**Exercise input:**
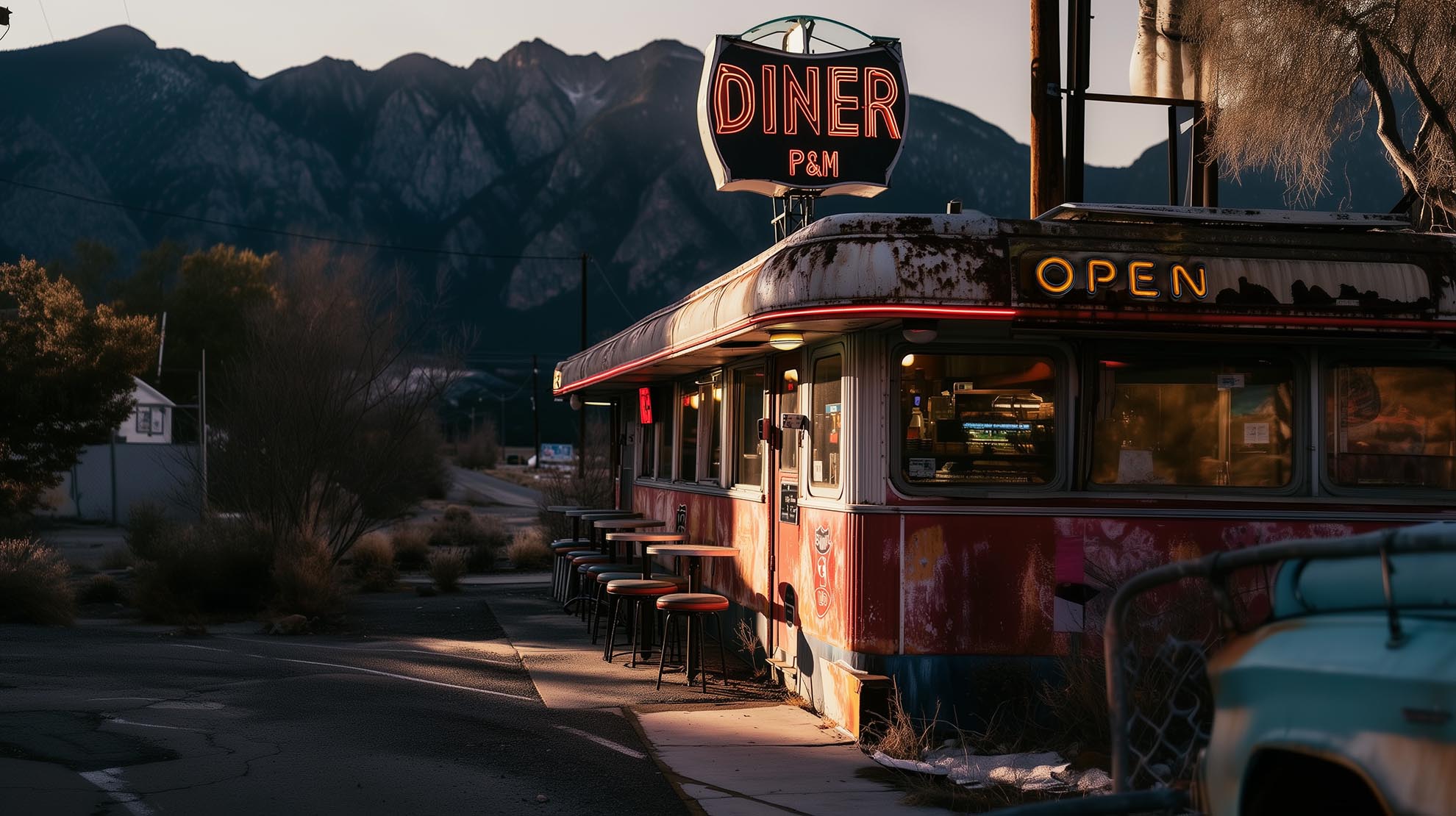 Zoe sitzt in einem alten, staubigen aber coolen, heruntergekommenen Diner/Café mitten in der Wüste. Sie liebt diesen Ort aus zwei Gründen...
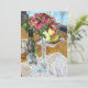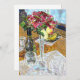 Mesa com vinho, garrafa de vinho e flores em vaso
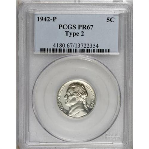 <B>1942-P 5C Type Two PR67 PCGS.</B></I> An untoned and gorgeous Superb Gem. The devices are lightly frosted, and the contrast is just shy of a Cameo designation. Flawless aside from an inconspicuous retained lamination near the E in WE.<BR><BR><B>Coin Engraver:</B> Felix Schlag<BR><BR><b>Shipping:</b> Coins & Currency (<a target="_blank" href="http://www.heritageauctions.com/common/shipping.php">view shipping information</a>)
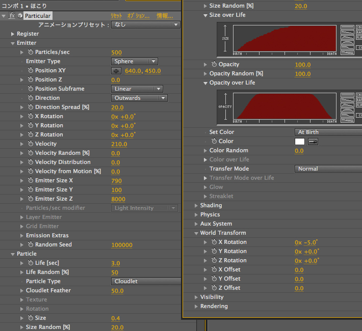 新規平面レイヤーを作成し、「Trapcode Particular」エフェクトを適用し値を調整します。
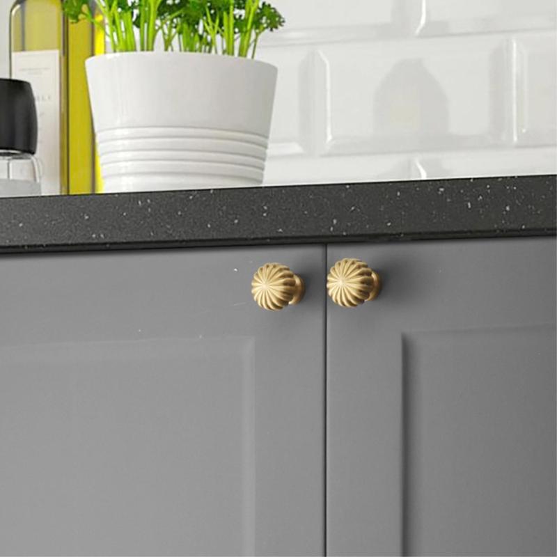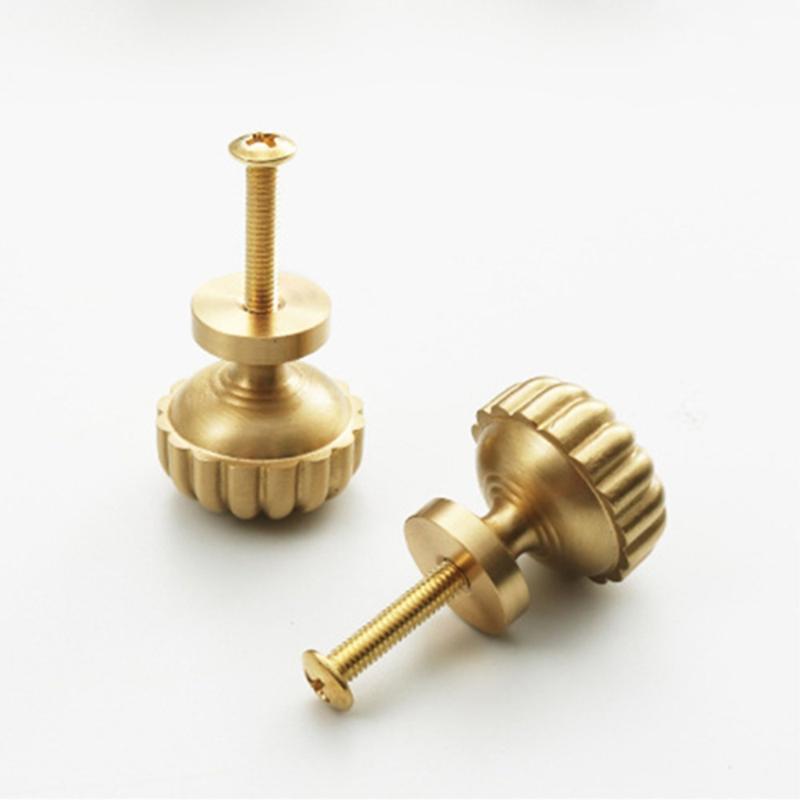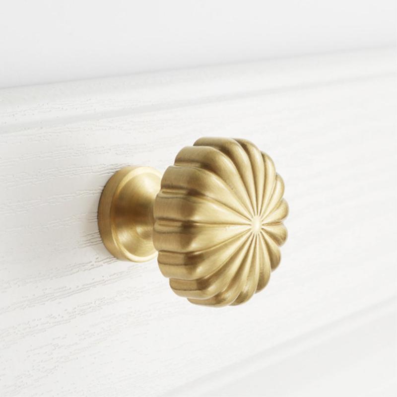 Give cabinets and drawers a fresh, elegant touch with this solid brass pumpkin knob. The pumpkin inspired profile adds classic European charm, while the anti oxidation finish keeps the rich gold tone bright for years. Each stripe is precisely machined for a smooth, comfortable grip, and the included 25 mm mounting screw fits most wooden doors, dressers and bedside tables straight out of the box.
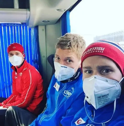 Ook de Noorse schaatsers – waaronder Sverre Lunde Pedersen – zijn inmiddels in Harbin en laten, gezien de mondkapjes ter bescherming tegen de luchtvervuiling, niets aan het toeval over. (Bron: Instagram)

* * *

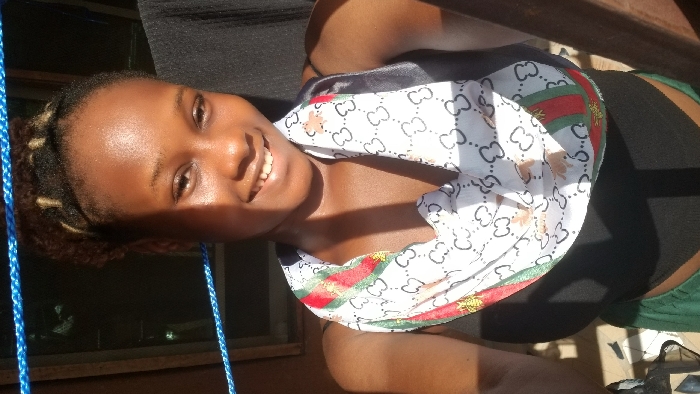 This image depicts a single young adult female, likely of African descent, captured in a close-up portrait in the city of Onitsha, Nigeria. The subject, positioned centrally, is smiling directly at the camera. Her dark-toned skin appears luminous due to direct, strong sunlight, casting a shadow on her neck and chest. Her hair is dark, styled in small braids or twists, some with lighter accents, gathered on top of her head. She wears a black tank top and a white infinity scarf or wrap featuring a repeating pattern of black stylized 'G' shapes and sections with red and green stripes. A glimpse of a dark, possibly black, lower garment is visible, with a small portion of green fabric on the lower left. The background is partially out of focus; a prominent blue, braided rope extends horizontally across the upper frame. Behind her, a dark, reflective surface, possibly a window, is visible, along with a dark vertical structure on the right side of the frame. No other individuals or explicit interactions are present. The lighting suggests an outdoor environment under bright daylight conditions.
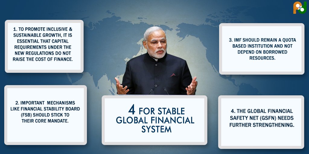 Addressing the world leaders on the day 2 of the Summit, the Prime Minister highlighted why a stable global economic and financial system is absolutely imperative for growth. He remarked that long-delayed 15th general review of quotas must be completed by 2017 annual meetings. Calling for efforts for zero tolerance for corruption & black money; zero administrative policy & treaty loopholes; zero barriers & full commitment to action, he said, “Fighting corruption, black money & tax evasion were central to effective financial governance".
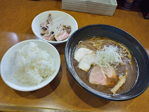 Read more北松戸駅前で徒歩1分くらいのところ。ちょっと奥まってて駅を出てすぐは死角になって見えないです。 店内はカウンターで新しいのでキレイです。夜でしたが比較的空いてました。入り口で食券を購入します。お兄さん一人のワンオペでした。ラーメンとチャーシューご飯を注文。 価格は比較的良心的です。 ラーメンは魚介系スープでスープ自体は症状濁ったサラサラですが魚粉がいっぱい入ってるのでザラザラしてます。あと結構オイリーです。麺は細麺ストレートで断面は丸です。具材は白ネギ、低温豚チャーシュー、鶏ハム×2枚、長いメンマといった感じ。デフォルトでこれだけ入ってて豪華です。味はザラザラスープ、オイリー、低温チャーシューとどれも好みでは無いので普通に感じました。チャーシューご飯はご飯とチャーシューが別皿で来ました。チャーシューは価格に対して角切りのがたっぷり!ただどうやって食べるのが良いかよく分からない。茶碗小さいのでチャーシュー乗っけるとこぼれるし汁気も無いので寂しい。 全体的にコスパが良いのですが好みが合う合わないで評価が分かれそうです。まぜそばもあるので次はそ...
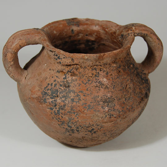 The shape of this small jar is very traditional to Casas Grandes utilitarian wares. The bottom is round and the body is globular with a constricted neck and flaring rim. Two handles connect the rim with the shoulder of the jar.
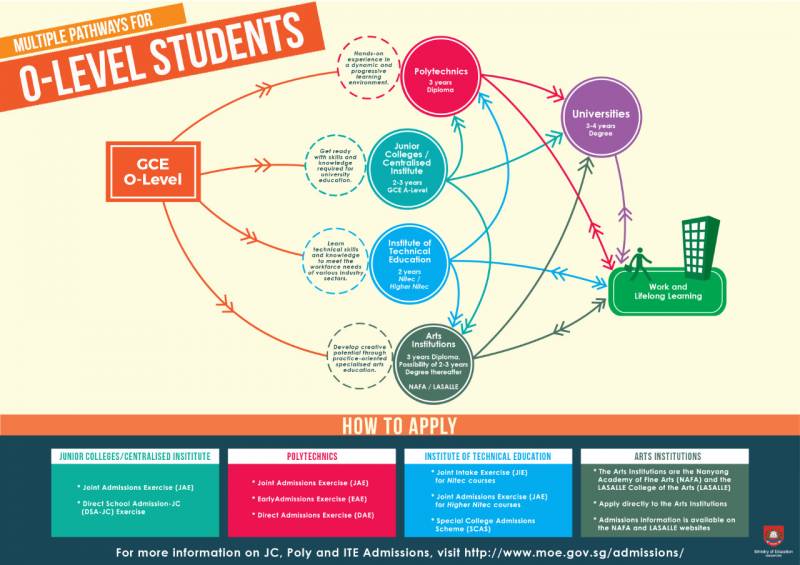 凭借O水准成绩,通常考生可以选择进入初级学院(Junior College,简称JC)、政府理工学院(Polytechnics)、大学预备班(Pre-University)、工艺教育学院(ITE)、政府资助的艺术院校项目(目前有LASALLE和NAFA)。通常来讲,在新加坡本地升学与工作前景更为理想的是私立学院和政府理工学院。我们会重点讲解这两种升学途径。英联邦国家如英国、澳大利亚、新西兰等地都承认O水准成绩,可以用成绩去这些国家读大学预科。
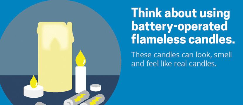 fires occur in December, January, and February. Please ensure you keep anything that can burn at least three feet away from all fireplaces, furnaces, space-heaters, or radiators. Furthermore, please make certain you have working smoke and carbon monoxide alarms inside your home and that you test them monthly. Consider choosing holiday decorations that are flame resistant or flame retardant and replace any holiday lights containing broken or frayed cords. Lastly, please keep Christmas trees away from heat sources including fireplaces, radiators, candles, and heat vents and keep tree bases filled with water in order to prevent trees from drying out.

**Exercise prompt:** Print everything from the line with "Zoe sitzt in" down to the line with "Mesa com vinho, garrafa" in the entries above, both lines included and nothing more, without the pictures.

**Answer for the task:**
 Zoe sitzt in einem alten, staubigen aber coolen, heruntergekommenen Diner/Café mitten in der Wüste. Sie liebt diesen Ort aus zwei Gründen...
 Mesa com vinho, garrafa de vinho e flores em vaso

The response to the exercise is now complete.